If you have all or some of these you’re in a great position to purchase a CRM platform. In fact, you’ll see a lot of benefits in streamlining these in a centralized system. 

Beware of Generic CRMs Not Built For Distributors 

If you have sales workflows in place, it’s a great time to start looking at CRM software. But not just any old CRM will do. The complexity of the distribution industry does not translate to a CRM built for any company.

We wouldn’t recommend buying a generic CRM if you’re expecting it to fit your organization’s needs out of the box. Historically, the market has offered few software solutions tailored for distributors. Distributors have been putting up with workarounds that push mainstream, square CRM into a round hole for years.  
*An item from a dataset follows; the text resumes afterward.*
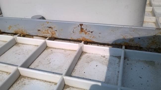 mai di niente ( della serie procuriamoci il lavoro) il perché il telaio si è ridotto cosi sto pensando a varie cose salsedine? io vado spesso mari del nord oppure colpa del acqua calcarea? oppure colpa dei sali disinfettanti? oppure colpa di una carenza costuttiva? (ferro troppo grasso e la verniciatura non ha attaccato bene)oppure trascuratezza nella costruzione? dalle scritte interne mi sembra di capire costruito in sud america e non come il 3 qui in italia purtroppo non mi è dato di saperlo e lo accetto come un dato di fato (sfortuna) certo una letterina in azienda la manderò la cosa che mi scoccia è che in assistenza non mi hanno detto niente ( mai più)
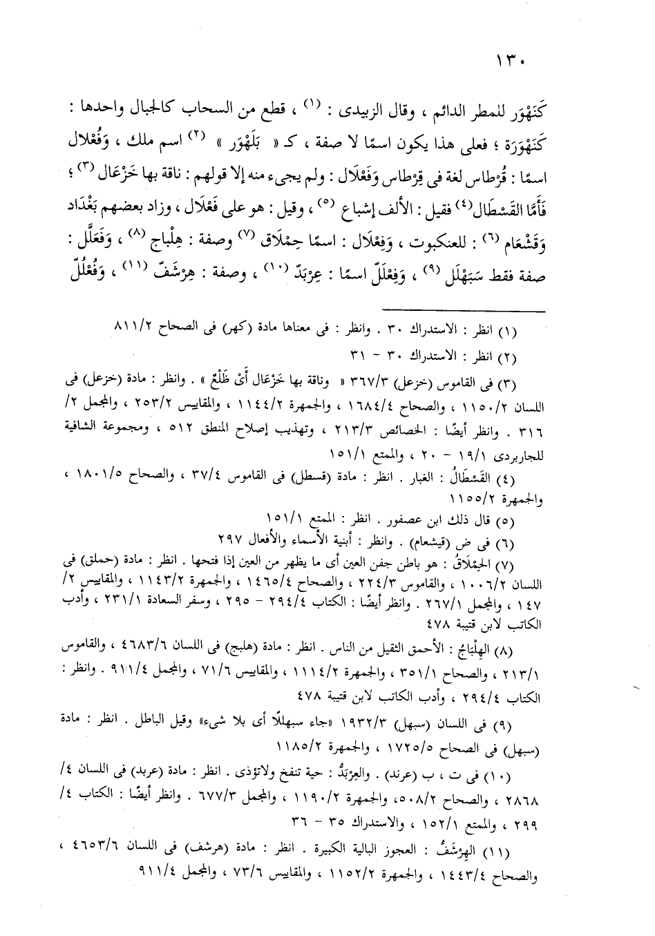 كنهور للمطر الدائم، وقال الزبيدي: قطع من السحاب كالجبال واحدها: كنهورة؛ فعلى هذا يكون اسمًا لا صفة، كـ «بلهور» اسم ملك، وفعلال اسمًا: قرطاس لغة في قرطاس وفعلال: ولم يجيء منه إلا قولهم: ناقة بها خزعال؛ فأما القسطال فقيل: الألف إشباع، وقيل: هو على فعلال، وزاد بعضهم بغداد وقشعام: للعنكبوت، وفعلال: اسمًا حملاق وصفة: هلباج، وفعلل: صفة فقط سبهلل، وفعلل اسمًا: عربد، وصفة: هرشف، وفعلل

Perhaps this explains why only 50% of distribution sales teams use their CRM — if they have one. There is perhaps no worse torture than investing in software no one uses.  

Thankfully, the tide is turning with a move to industry-specific CRMs.  

Here’s another question to consider: How much time do your sales reps spend inputting data into their CRM? 

According to a Distribution Strategy Group report, the answer should be no more than 20%.  

That same report illustrated just how long it takes for distributors to reap the benefits of their CRM:

  • 17% of distributors indicated it took more than two years, 
  • 11% 19-24 months, 
  • 14% 13-18 months, 
  • 15% 7-12 months, 
  • 19% 6 months or less, and;
  • the remaining respondents had yet to implement a CRM.

 These numbers illustrate a costly problem. Generic CRMs promise to automate selling, provide a central location for actionable data, help with task management and basically make sales reps sell more. 

For most CRMs, this isn’t reality — especially if your sales processes aren’t working. 

How Can Distributors Guarantee CRM ROI? 

Here are two key ways to guarantee a fast return on your CRM investment: 

  1. Have a sales process in place the CRM can support.
  2. Select a CRM built for distribution sales. Generic CRMs might lack the features you need and require a potentially frustrating workaround. 

Selecting the right CRM can be challenging. You’ll want a CRM that:  

  • Gives you a picture window into omnichannel purchasing patterns 
  • Integrates with ERP, PIM or ecommerce tools 
  • Is intuitive and easy to use, even by non-technical folks  
  • Facilitates a personalized sales approach geared toward distribution customers 
  • Supports the needs of field reps with a friendly mobile experience

The best CRM platforms for distributors are those built for a distribution sales process. But if you step into platform purchase mode without having an established sales process, even a purpose-built distribution CRM won’t take you where you need to go. 

So, ask yourself again: Do you have an established sales process? If the answer is yes, it could be the right time to find a CRM that’s right for you.